20. PURCHASER’S REPRESENTATION OF SOLVENCY. The purchaser represents, by placing any purchase order for goods or services or by accepting tender of goods, that the purchaser is not insolvent as that term is defined in Section 3 of the Sale of Goods Act (British Columbia) or Section 1(3) of the Sale of Goods Act (Ontario). In the event that the purchaser becomes insolvent before tender or delivery of the goods, the purchaser shall so notify the Company in writing. Any failure to notify the Company in writing shall be construed as a reaffirmation of the purchaser’s solvency at the time of delivery.
21. INTERPRETATION; PAROL EVIDENCE; TRADE USAGE. Except as otherwise agreed in writing by the parties, these Conditions are intended by the parties as a final expression of their agreement and are intended as a complete and exclusive statement of the terms and conditions of sale with respect to any sale of goods or services by the Company to the purchaser. No course of prior dealings between the parties and no usage of trade shall be relevant to supplement or explain any term used in these Conditions. Acceptance or acquiescence in a course of performance rendered under these Conditions shall not be relevant to determine the meaning of these Conditions even though the accepting or acquiescing party has knowledge of the nature of the performance and an opportunity for objection. If any provision of these Conditions shall be unenforceable, then such provision shall be null and void but the remainder of these Conditions shall remain in full force and effect. The paragraph headings herein are for convenience only and shall not be deemed to limit or otherwise modify the terms hereof. This document shall be construed and interpreted without regard to any presumption against the party who drafted the document.
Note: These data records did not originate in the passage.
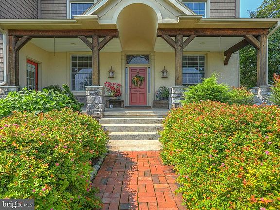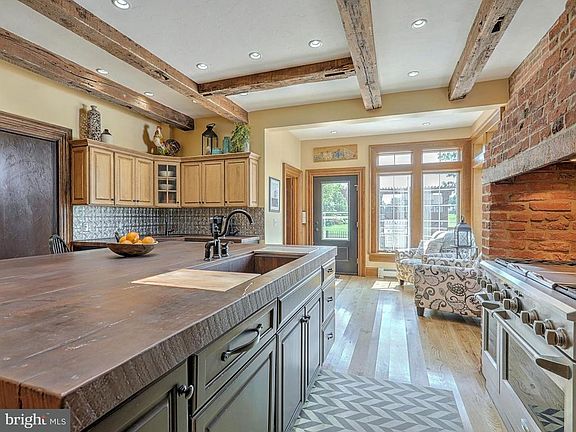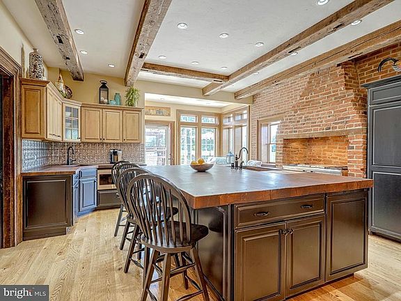 Gorgeous farmhouse with large addition and modern kitchen. Work completed by Kinsley Construction. Kitchen has beamed ceiling, hardwood floor, walk-in pantry, upgraded appliances, huge center island with built-in refrigerator, freezer and icemaker, seating area, access to outdoor kitchen and patio. Formal dining room with hardwood floor, crown and chair molding. Library with built-ins and hardwood floor. French doors to spectacular family room addition with hardwood floor, gas log fireplace, built-ins, wet bar with wine refrigerator and double doors to outdoor entertainment area. Master suite with cathedral ceiling, double doors to private balcony, walk-in closet. Luxurious master bath with heated ceramic tile floor,double bowl vanity with granite top, spacious walk-in ceramic tile shower. 4 additional bedrooms and additional bath. Walk-up floored attic could be used as additional living space. Stunning outdoor living and entertainment area with kitchen, patio, deck, inground diving pool. 2 car oversize garage with water, electric, modine heater and hookup for generator that can be back fed to house. 4 zone heat in house.
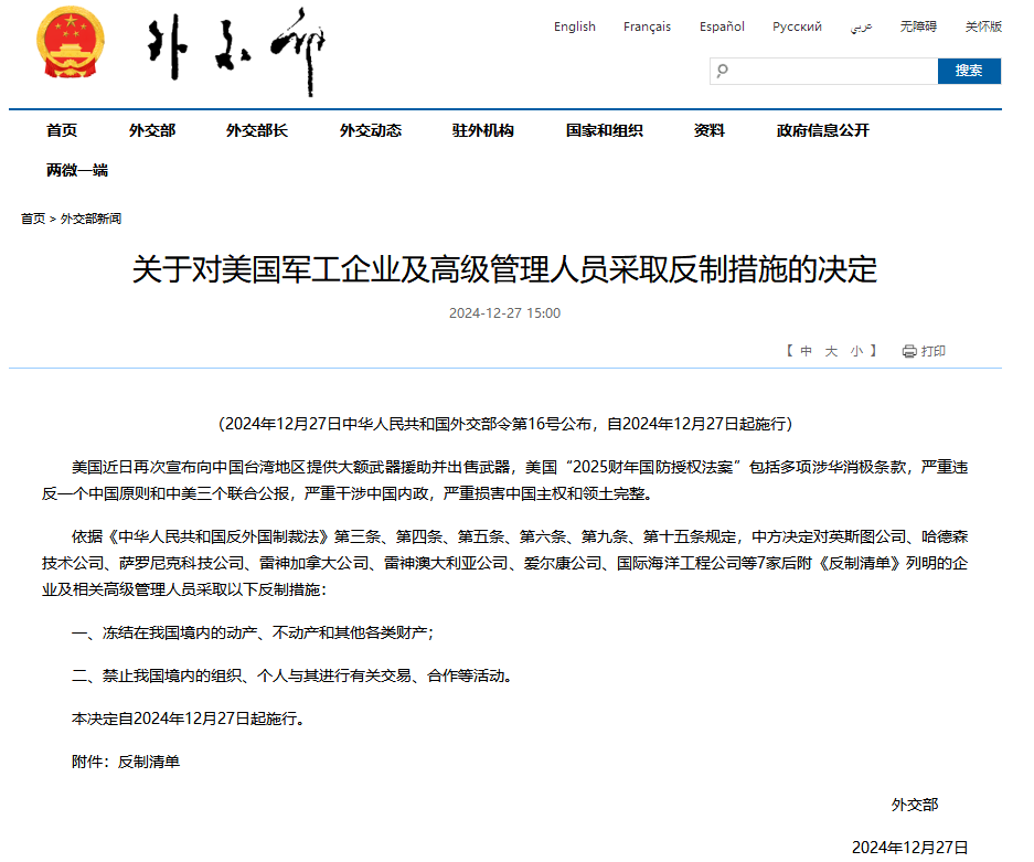 中國外交部網站截圖 中國外交部表示,美國近日再次宣布向中國台灣地區提供大額武器援助并出售武器,美國“2025財年國防授權法案”包括多項涉華消極條款,嚴重違反一個中國原則和中美三個聯合公報,嚴重干涉中國內政,嚴重損害中國主權和領土完整。 依據《中華人民共和國反外國制裁法》第三條、第四條、第五條、第六條、第九條、第十五條規定,中方決定對英斯圖公司、哈德森技術公司、薩羅尼克科技公司、雷神加拿大公司、雷神澳大利亞公司、愛爾康公司、國際海洋工程公司等7家企業及相關高級管理人員採取反制措施:凍結在中國國境內的動產、不動產和其他各類財產;禁止中國境內的組織、個人與其進行有關交易、合作等活動。 決定自2024年12月27日起施行。 (完) 【編輯:丘志彬】
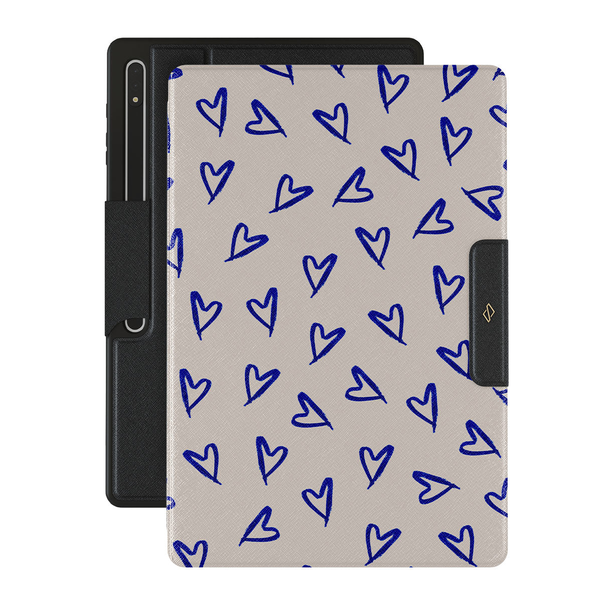 Let your Samsung Galaxy Tab S8 Ultra folio case be the declaration of passion it deserves with the charming Love Me Right design. The soft powder pink background and playful blue hearts create a whimsical and endearing look, making this case the perfect way to show off your loving yet cheeky side.

No agent, employee or representative of the Company has any authority to bind the Company to any affirmation, representation or warranty concerning the goods or services sold by the Company, and unless an affirmation, representation or warranty made by an agent, employee or representative is specifically included in these Conditions it shall not be enforceable by the purchaser.
22. LANGUAGE. The parties have required that these Conditions and all agreements, instruments, documents and notices relating to these Conditions be drawn up in the English language. Les parties aux présentes ont exigé que les présentes conditions et tous autres contrats, instruments contractuels, documents ou avis afférents aux présentes conditions soient rédigés en langue anglaise.